#240 — UTF-8 BOM makes parseTestRecord fail for certain tests

bug_id: 240
creation_ts: 2012-01-10 04:54:00 -0800
short_desc: UTF-8 BOM makes parseTestRecord fail for certain tests
delta_ts: 2012-03-28 16:31:53 -0700
product: Test262
component: Test Harness
version: unspecified
rep_platform: Macintosh
op_sys: Mac OS
bug_status: RESOLVED
resolution: FIXED
priority: Normal
bug_severity: normal
everconfirmed: true
reporter: Joost-Wim Boekesteijn
assigned_to: Dave Fugate

commentid: 551
comment_count: 0
who: Joost-Wim Boekesteijn
bug_when: 2012-01-10 04:54:01 -0800

When running the tests for ch07 or ch15, the command line test runner fails with this message:

Traceback (most recent call last):
File "tools/packaging/test262.py", line 453, in <module>
Main()
File "tools/packaging/test262.py", line 448, in Main
options.full_summary)
File "tools/packaging/test262.py", line 412, in Run
cases = self.EnumerateTests(tests)
File "tools/packaging/test262.py", line 363, in EnumerateTests
strict_case = TestCase(self, name, full_path, True)
File "tools/packaging/test262.py", line 185, in __init__
del testRecord["commentary"]
KeyError: 'commentary'

The problem seems to be that some files start with a UTF-8 Byte Order Mark (which ends up in the source string) causing the parseTestRecord function to fail.

My guess is that there are two approaches to fixing this:

1. Removing the BOM from the offending files.

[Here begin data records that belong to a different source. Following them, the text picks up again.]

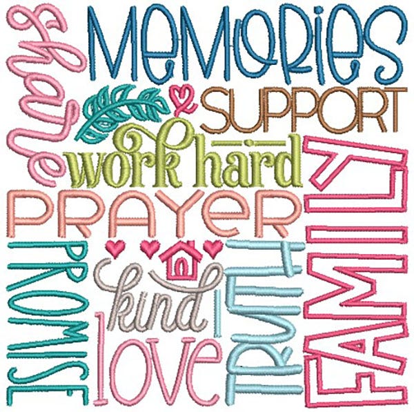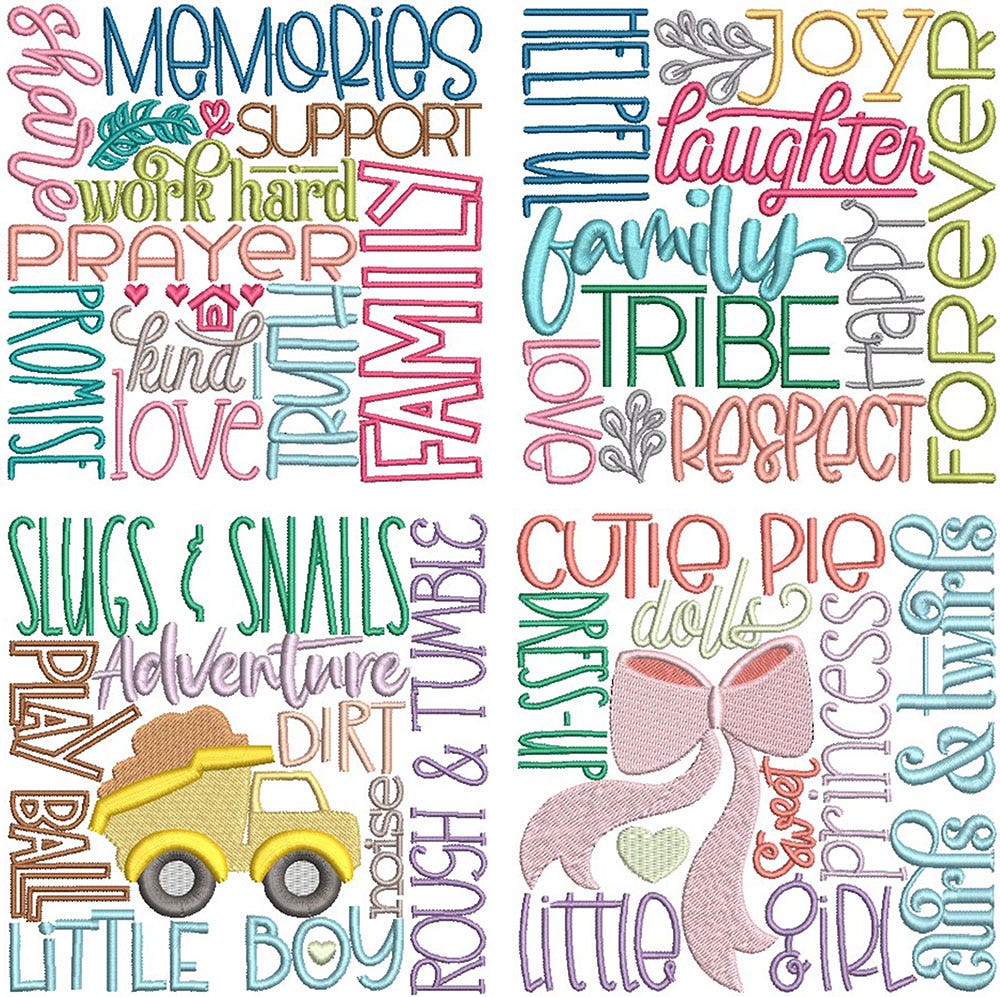 4 super sweet family themed subway art designs! These embroidery-only designs have satin stitch lettering with satin and fill stitch design accents.
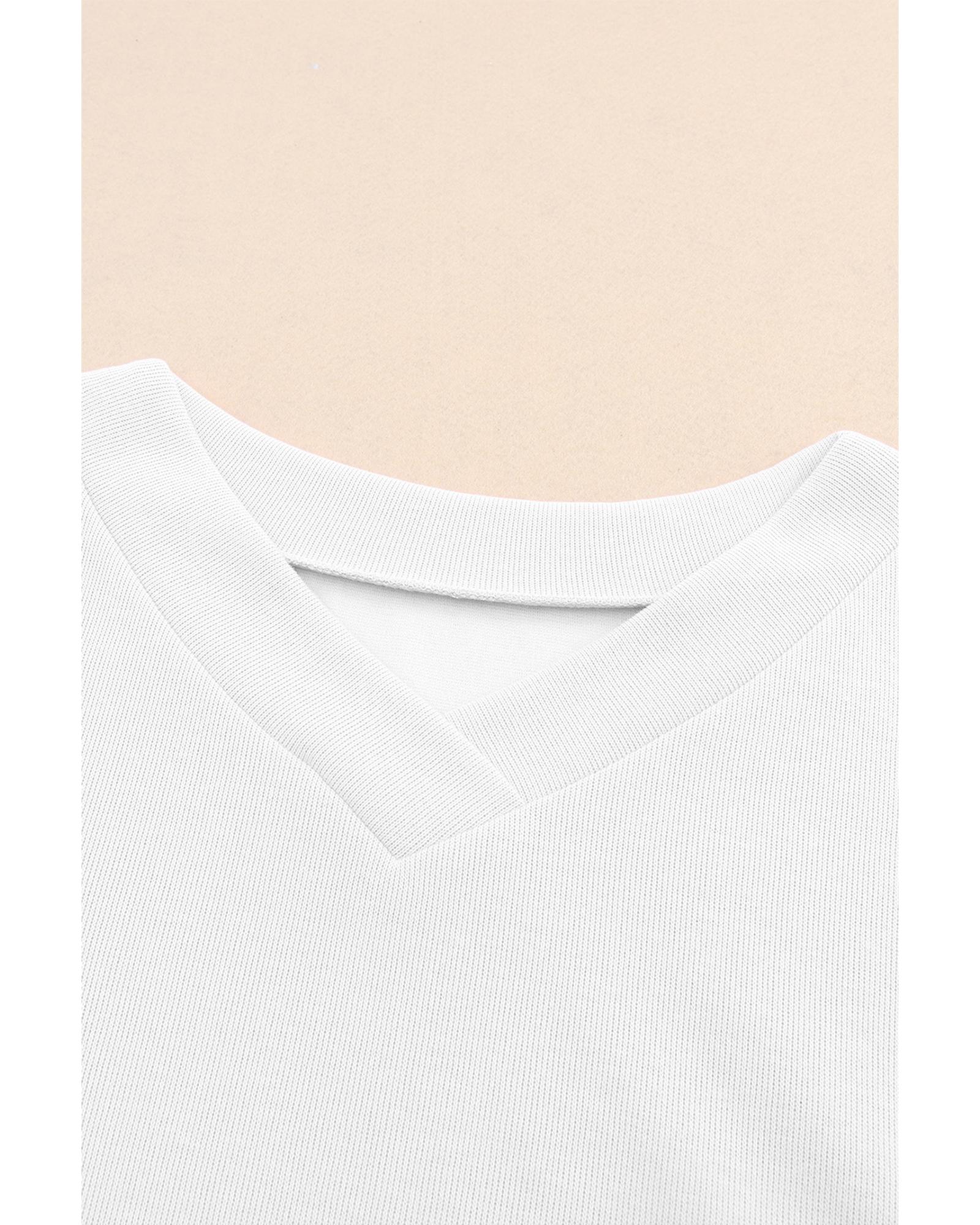 This white knitted sweater features a V-neck design with buttoned cuffs, offering a stylish and comfortable option for everyday wear. Its classic solid color makes it versatile for various outfits, providing both warmth and elegance.
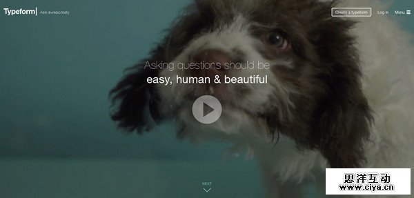 视频和图片巧妙地平铺在Typeform的首页上,配合着沉浸式的幽灵按钮,看起时尚而悦目。漂亮的字体样式使得页面的关键信息更加突出。
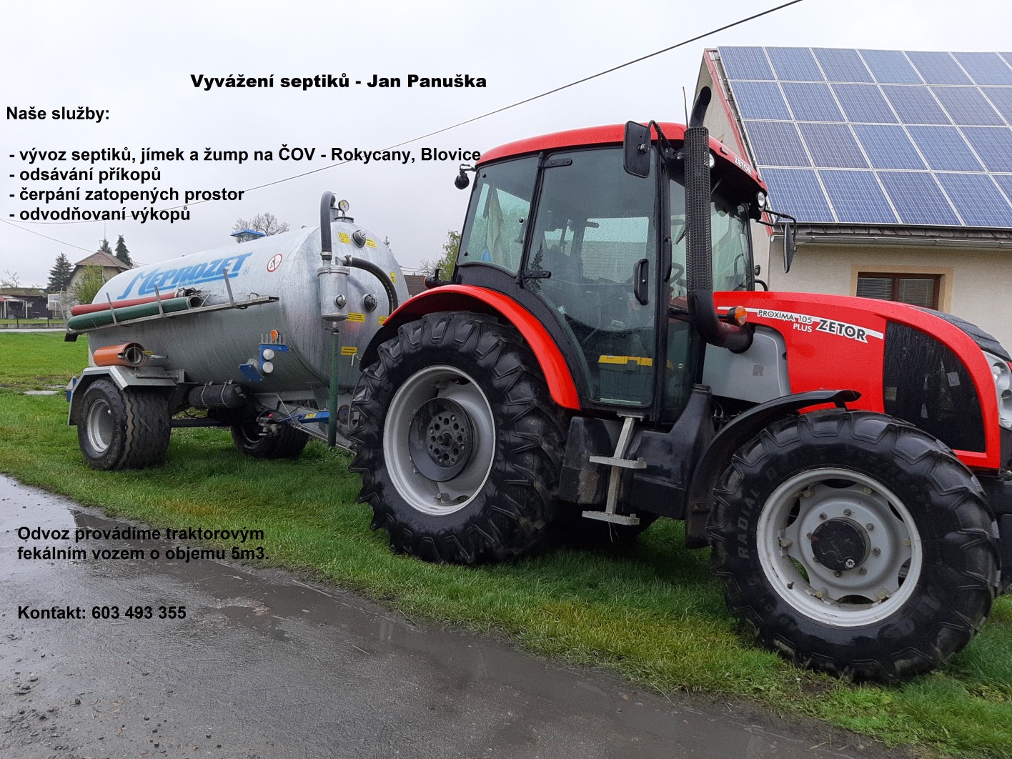 Traktorový fekální vůz o objemu 5 m3, nebo nákladní automobil o objemu 6,6 m3.

Using the next command, I produced a list of these files:

find ./test/suite -name '*.js' | xargs file | grep BOM

./test/suite/ch07/7.6/7.6.1/7.6.1.2/7.6.1.2-2-s.js
./test/suite/ch07/7.6/7.6.1/7.6.1.2/7.6.1.2-3-s.js
./test/suite/ch07/7.6/7.6.1/7.6.1.2/7.6.1.2-4-s.js
./test/suite/ch07/7.6/7.6.1/7.6.1.2/7.6.1.2-5-s.js
./test/suite/ch07/7.6/7.6.1/7.6.1.2/7.6.1.2-6-s.js
./test/suite/ch07/7.6/7.6.1/7.6.1.2/7.6.1.2-7-s.js
./test/suite/ch07/7.6/7.6.1/7.6.1.2/7.6.1.2-8-s.js
./test/suite/ch07/7.6/7.6.1/7.6.1.2/7.6.1.2-9-s.js
./test/suite/ch15/15.11/15.11.4/15.11.4.2/15.11.4.2-1.js
./test/suite/ch15/15.11/15.11.4/15.11.4.3/15.11.4.3-1.js

I'm not sure if the BOM is there for any reason. Probably not.

2. Changing the way the files are read.

As a quick hack, I changed TestCase.__init__ in tools/packaging/test262.py by replacing the call to 'open' with 'codecs.open':

-f = open(self.full_path)
+f = codecs.open(self.full_path, "r", "utf-8-sig")

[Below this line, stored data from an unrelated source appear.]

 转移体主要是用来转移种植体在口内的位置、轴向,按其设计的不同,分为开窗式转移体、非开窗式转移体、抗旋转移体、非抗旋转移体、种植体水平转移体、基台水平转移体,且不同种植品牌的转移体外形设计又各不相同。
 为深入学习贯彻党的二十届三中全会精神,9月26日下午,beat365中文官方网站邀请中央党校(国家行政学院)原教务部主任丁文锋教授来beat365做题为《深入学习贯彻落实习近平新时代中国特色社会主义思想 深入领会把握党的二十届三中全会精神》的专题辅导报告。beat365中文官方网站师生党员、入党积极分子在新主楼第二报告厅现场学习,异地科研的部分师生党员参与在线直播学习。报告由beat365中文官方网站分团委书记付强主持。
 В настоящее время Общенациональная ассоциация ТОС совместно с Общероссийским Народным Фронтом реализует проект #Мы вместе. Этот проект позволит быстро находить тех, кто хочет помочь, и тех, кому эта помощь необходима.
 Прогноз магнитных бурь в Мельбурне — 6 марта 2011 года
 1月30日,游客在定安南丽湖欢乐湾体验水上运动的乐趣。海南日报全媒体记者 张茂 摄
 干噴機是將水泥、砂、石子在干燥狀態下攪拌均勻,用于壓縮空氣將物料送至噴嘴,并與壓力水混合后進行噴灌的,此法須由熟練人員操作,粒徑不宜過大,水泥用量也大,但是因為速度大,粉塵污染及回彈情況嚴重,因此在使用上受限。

With this change, Python skips the BOM when reading the file. This also needs an extra line 'import codecs' at the top of the file.

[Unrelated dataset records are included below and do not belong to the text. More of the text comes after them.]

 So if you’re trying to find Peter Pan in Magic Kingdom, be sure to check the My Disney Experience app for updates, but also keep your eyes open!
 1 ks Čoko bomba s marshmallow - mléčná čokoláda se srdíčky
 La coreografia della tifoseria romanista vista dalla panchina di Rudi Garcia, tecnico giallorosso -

Tested with Python 2.7.1 on OS X 10.7.2 against revision 282, changeset 99ff7d59530c.

commentid: 552
comment_count: 1
who: Dave Fugate
bug_when: 2012-01-10 09:42:18 -0800

Changing open(self.full_path) to open(self.full_path, 'rb') might be a smaller fix.

commentid: 553
comment_count: 2
who: Joost-Wim Boekesteijn
bug_when: 2012-01-10 09:56:25 -0800

(In reply to comment #1)
> Changing open(self.full_path) to open(self.full_path, 'rb') might be a smaller
> fix.

In fact, specifying 'rb' does not change the way the BOM is handled. To illustrate this, I created a text file containing the word 'test' and saved it as UTF-8 with a BOM.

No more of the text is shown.